Cuando el poder envejece: política, salud mental y partidos sin relevo
Del costo emocional y económico de envejecer hasta los políticos que se resisten a soltar el poder: Horacio Villalobos aborda la salud mental, Eduardo Ruíz Healy recuerda que “perro viejo no aprende truco nuevo”.
Entre los desafíos invisibles de la mente y los visibles del poder, el país observa cómo el paso del tiempo se convierte en un juez implacable. Horacio Villalobos reflexiona sobre la salud mental, ese tema que durante décadas fue relegado a los márgenes del debate público, pero que hoy se presenta como una urgencia colectiva: ansiedad, estrés, aislamiento, el desgaste emocional que no distingue clase social ni ideología. Mientras tanto, Eduardo Ruíz Healy lanza una frase que resuena con ironía y verdad: “perro viejo no aprende truco nuevo”. Y aunque parece un simple refrán, se convierte en metáfora de una generación política que, aferrada a sus privilegios, rehúsa ceder espacio a nuevas voces.
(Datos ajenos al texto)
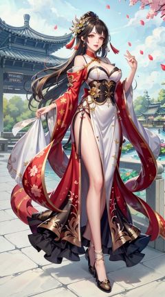 1girl, {an extremely delicate and beautiful},hair spread out,{{sheath dress}},chinese style architecture,game cg,Skirt lift,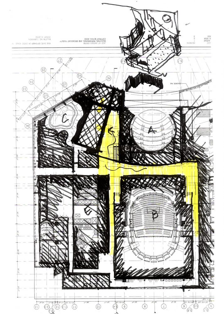 Uniquely immersive spaces for jazz performance reflect the interactive spirit of the most American art form and herald its presence from a monumental window along the axis of 59th Street in Manhattan.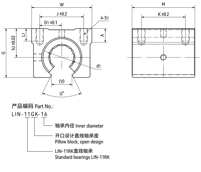 ●內(nèi)部安裝2個(gè)LIN-11RK開口型直線軸承

El costo de envejecer —señala el análisis— no solo se mide en pólizas de seguros o tratamientos médicos cada vez más caros, sino también en la obstinación de estructuras que se resisten a renovarse. Los partidos envejecen igual que sus líderes: pierden reflejos, pierden contacto con la realidad y se atrincheran en su propia nostalgia. En este escenario, el PAN intenta relanzarse bajo un discurso de cambio, pero lo hace con rostros conocidos, con nombres que pesan más por su historia que por su futuro. Lía Limón habla de abrir las puertas a la sociedad civil, pero el eco de los viejos liderazgos sigue marcando el paso.
Fuera de México, la historia se repite con distintos acentos. Nicolás Maduro y Donald Trump intercambian ataques mientras sus ejércitos crecen y los nacionalismos resurgen como si el siglo XXI estuviera empeñado en repetir los errores del XX. Viejos pleitos, nuevas alianzas; el mapa global se reconfigura al ritmo de egos envejecidos que aún creen dominar el tablero.
Y en medio de todo, el ciudadano común carga con las facturas —emocionales, médicas, políticas— de un sistema que envejece sin aprender. Tal vez por eso la salud mental y la salud democrática sean hoy la misma batalla: la de aprender a soltar, a renovarse, a reconocer los límites del poder y del tiempo. Porque cuando los líderes no escuchan, los pueblos enloquecen. Y cuando el poder envejece sin relevo, lo que muere no son los partidos, sino la esperanza de futuro.